O Decreto nº 496/2024, assinado pelo governador Romeu Zema, autorizou a CSN Mineração S.A. a desapropriar 261 hectares para a expansão da Mina Casa de Pedra e a instalação de pilhas de rejeitos filtrados (estéril). Embora o governo afirme que a área não inclui moradias da comunidade, os moradores relatam impactos diretos e iminentes.

A justificativa legal usada pelo governo Zema se baseia no Decreto-Lei Federal nº 3.365/1941, que considera a mineração como atividade de utilidade pública.

A tentativa de retirada, longe de ser silenciosa, desencadeou uma onda de comoção e resistência.
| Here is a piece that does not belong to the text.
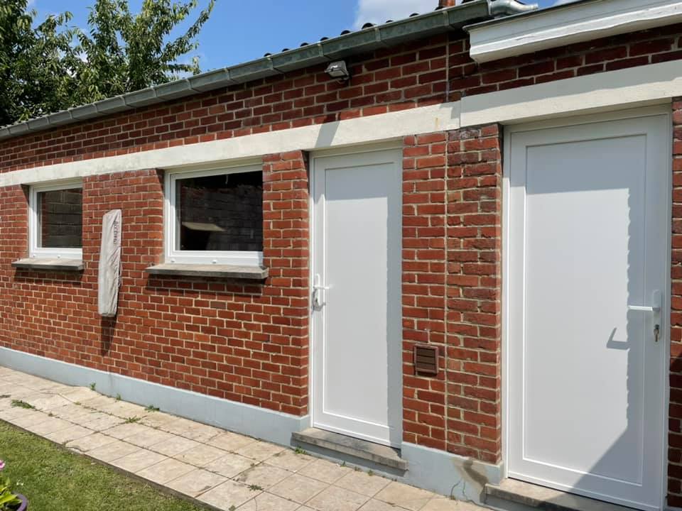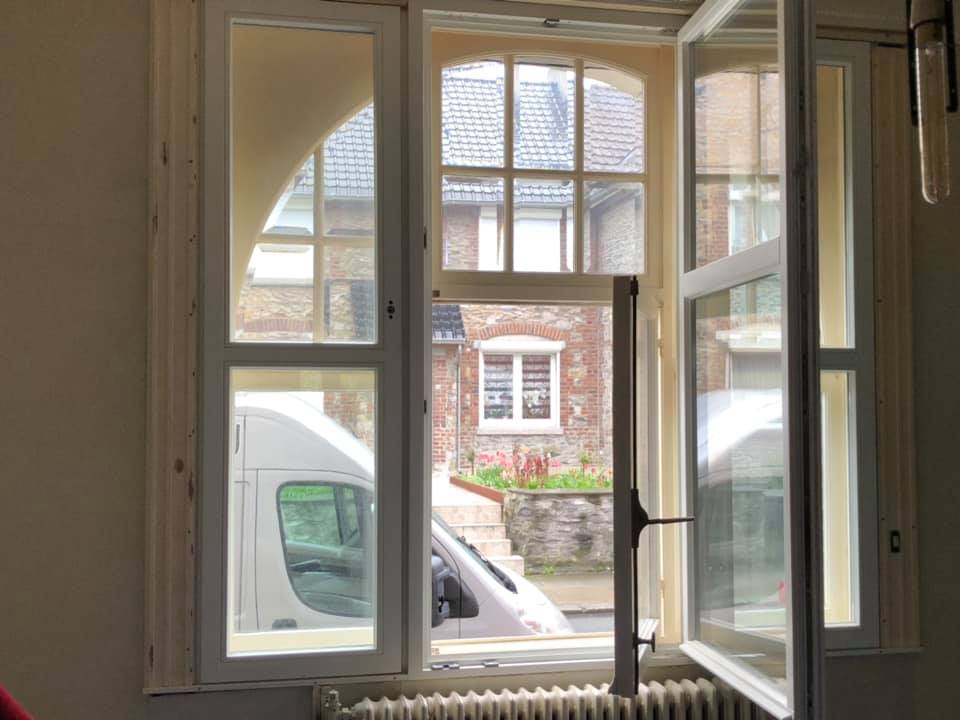 Châssis et portes en bois - Chêne peint en blanc RAL 9010 - Chantier à Tournai
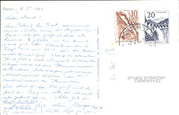 alte Postkarte Portoroz Strand Hafen Fliegeraufnahme postalisch gelaufen Erhaltung siehe scans

Moradores da comunidade, apoiadores e movimentos sociais se uniram em manifestação, impedindo, ao menos hoje, o desenrolar do despejo. Imagens que circulam nas redes sociais capturaram não apenas a violência institucional do processo, mas também a força coletiva do clamor por justiça e respeito à tradição quilombola.

A luta do Quilombo Santa Quitéria é símbolo de resistência frente ao avanço do capital sobre vidas – e, principalmente, sobre vidas que carregam a herança da injustiça secular e da superação quotidiana. Cada dia de permanência no território conquistado é, para muitos, uma vitória contra a indiferença e o esquecimento.

Deputada estadual Beatriz Cerqueira (PT-MG) – Foto: Arquivo RMC

A deputada estadual Beatriz Cerqueira (PT) ao ser informada dos acontecimentos imediatamente manifestou-se e adotou medidas práticas em defesa da comunidade quilombola “A situação é gravíssima. Minha primeira medida foi apresentar um projeto de resolução para revogar o decreto de utilidade pública para fins de desapropriação. Estou batalhando para que esse projeto tramite na Assembleia Legislativa. É importante destacar que se trata de uma medida inédita tomada pelo governador — ao delegar a uma empresa privada o poder de desapropriação.
Já acionamos o Ministério Público Estadual e a Defensoria Pública para que acompanhem o caso e garantam a proteção da comunidade, considerando que estamos falando de uma comunidade quilombola. Também acionamos o Ministério Público Federal, que tem competência para atuar na defesa de populações tradicionais sujeitas a violações de direitos e às violências promovidas pela CSN.
Além disso, é urgente reconhecer que não existe legislação específica sobre segurança das pilhas de estéril — justamente o tipo de estrutura para o qual está sendo desapropriada essa região. Essa lacuna normativa deixa as comunidades à mercê de diversos riscos e inseguranças. O governo de Minas atua claramente em favor dos interesses de grupos econômicos privados e abandona a proteção da sua própria população, impondo à comunidade não apenas o sofrimento da desapropriação, mas também o risco ambiental e social extremo decorrente da falta de regulamentação mínima sobre pilhas de estéril” disse a deputada.

O que é Pilha de Estéril?

A Pilha de Estéril é uma estrutura comum na mineração usada para armazenar materiais que não têm valor econômico, mas que precisam ser removidos para acessar o minério útil.

O que é o “estéril”?

É o material que fica entre a superfície do solo e o minério, como areia, terra e rochas. Apesar de não conter minério aproveitável, ele precisa ser retirado para viabilizar a lavra.

Como funciona a pilha de estéril?

O estéril é empilhado em áreas próximas à mina, formando grandes montes. Essas pilhas são planejadas e construídas com critérios técnicos para garantir estabilidade e segurança. Diferente das barragens de rejeitos, não armazenam água, o que reduz o risco de acidentes como rompimentos.

O que é importante?

Uma boa gestão dessas pilhas ajuda a minimizar impactos ambientais, como erosão e contaminação do solo. Também é essencial para a segurança das operações e das comunidades próximas.